======== Provided data ========
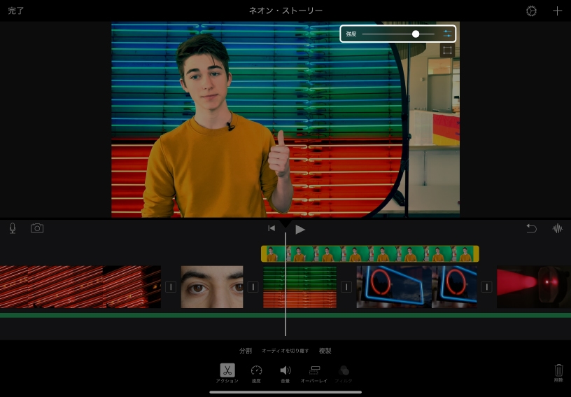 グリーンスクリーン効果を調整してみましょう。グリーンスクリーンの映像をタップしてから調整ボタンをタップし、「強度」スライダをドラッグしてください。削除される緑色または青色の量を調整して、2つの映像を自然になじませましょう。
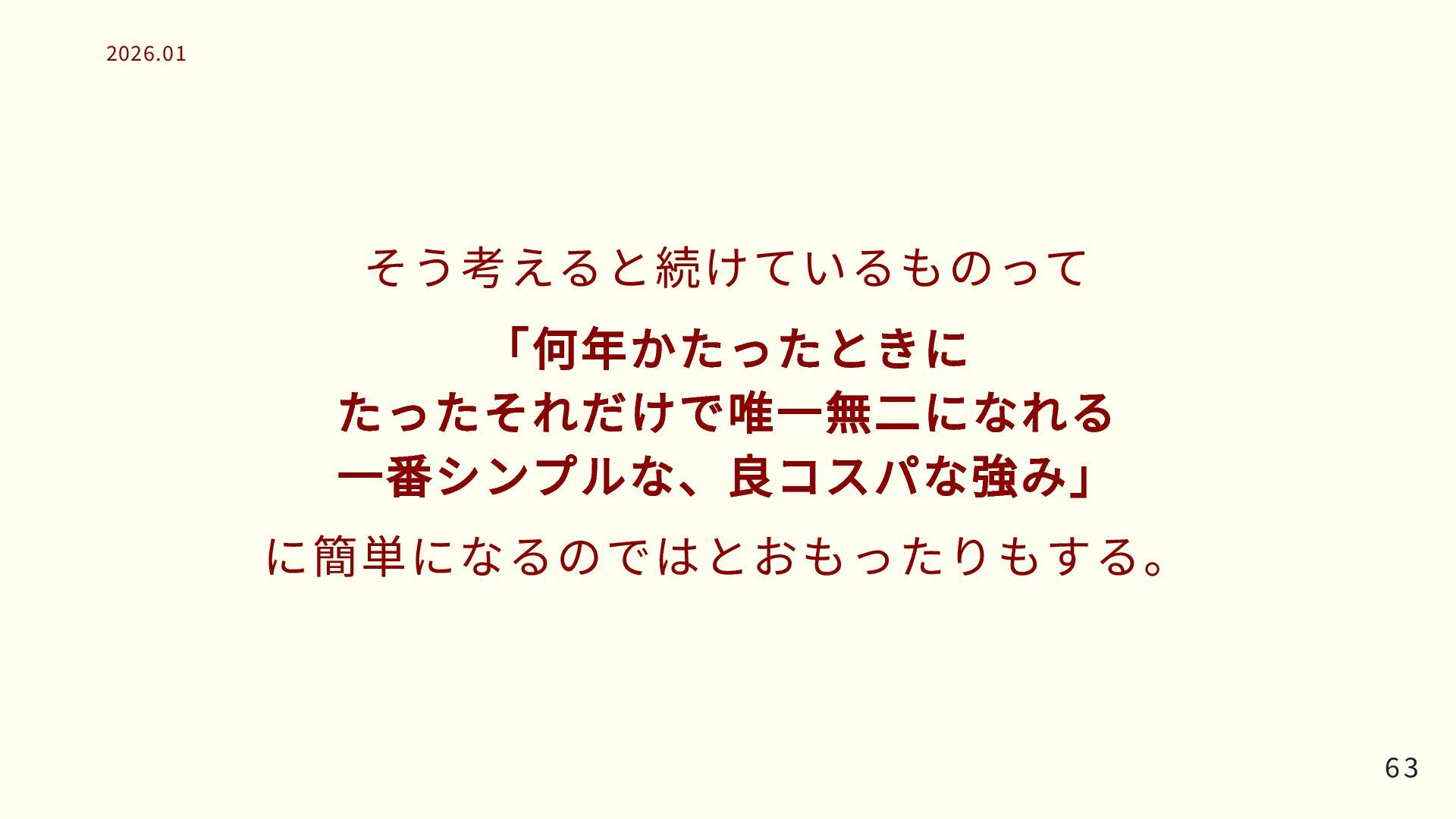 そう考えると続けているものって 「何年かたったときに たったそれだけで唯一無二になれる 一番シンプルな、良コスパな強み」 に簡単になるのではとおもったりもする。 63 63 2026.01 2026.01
========
======== Provided data ========
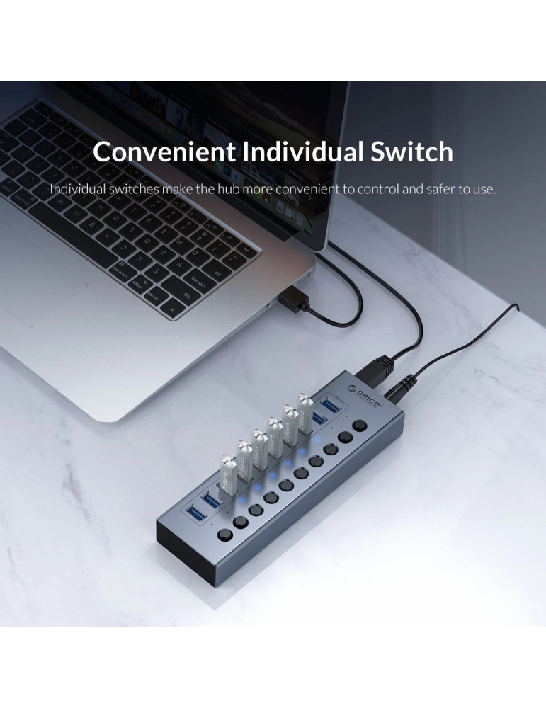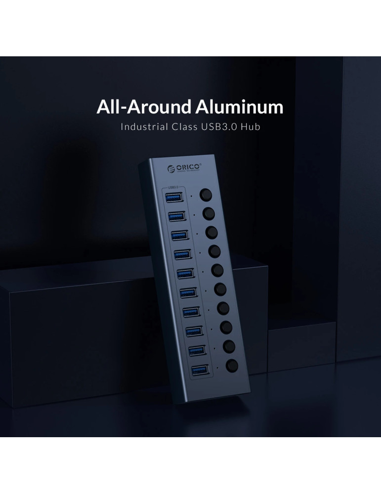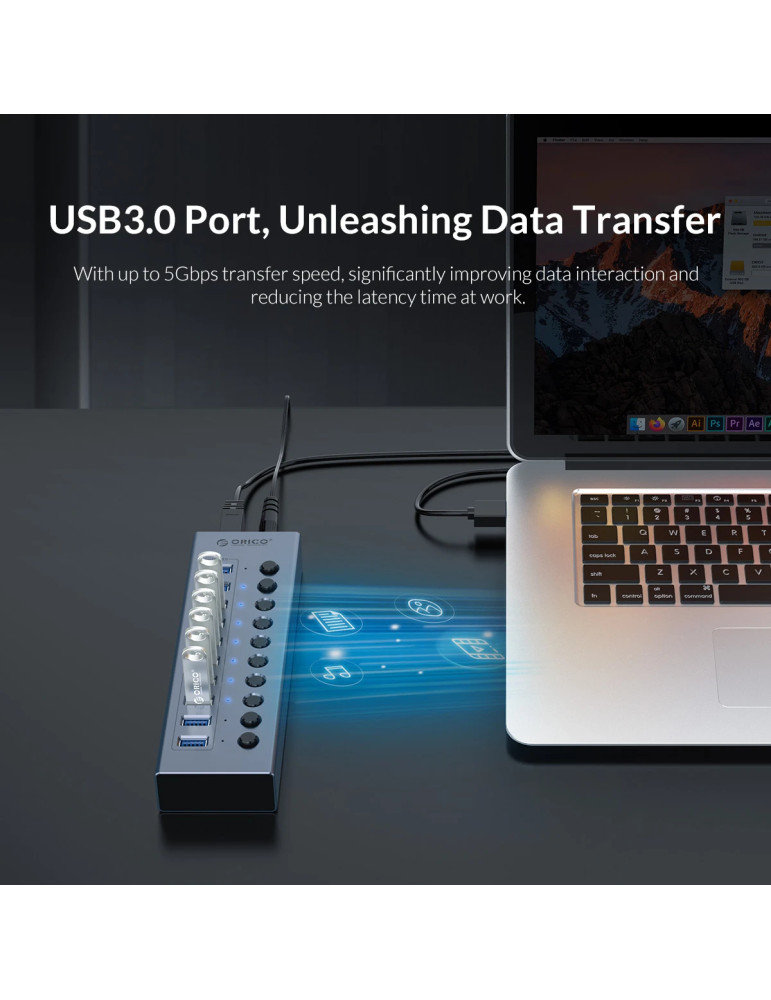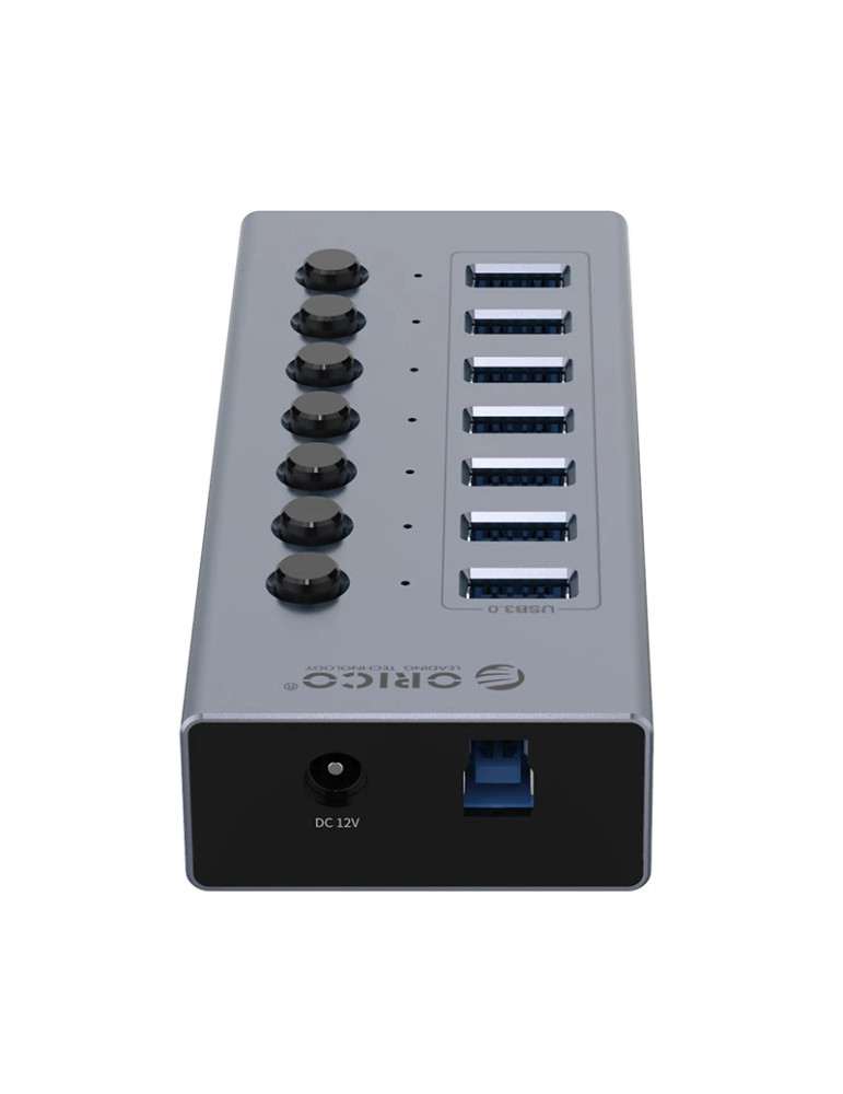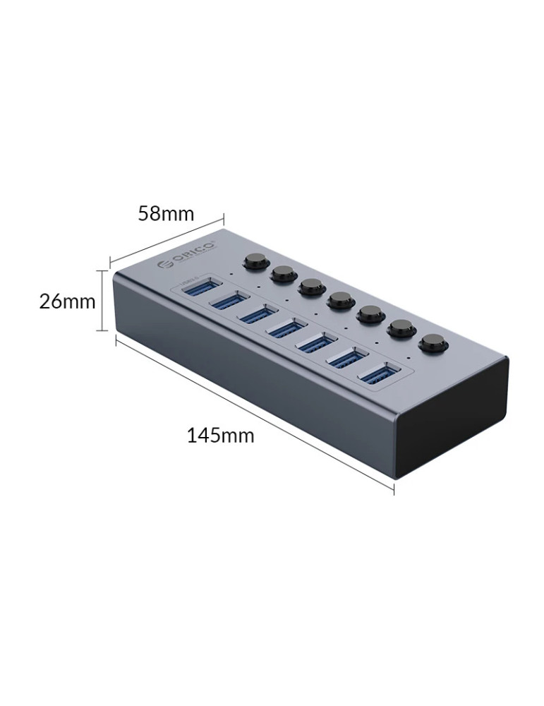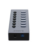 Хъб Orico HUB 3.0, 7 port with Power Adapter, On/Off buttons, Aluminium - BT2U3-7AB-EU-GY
========
Go back to the lines above and output, exactly as they stand, the ones from the line containing "グリーンスクリーン効果を調整" to the line containing "そう考えると続けているものって 「何年かたったときに たったそれだけで唯一無二になれる". Leave all pictures behind.

Finished task:
 グリーンスクリーン効果を調整してみましょう。グリーンスクリーンの映像をタップしてから調整ボタンをタップし、「強度」スライダをドラッグしてください。削除される緑色または青色の量を調整して、2つの映像を自然になじませましょう。
 そう考えると続けているものって 「何年かたったときに たったそれだけで唯一無二になれる 一番シンプルな、良コスパな強み」 に簡単になるのではとおもったりもする。 63 63 2026.01 2026.01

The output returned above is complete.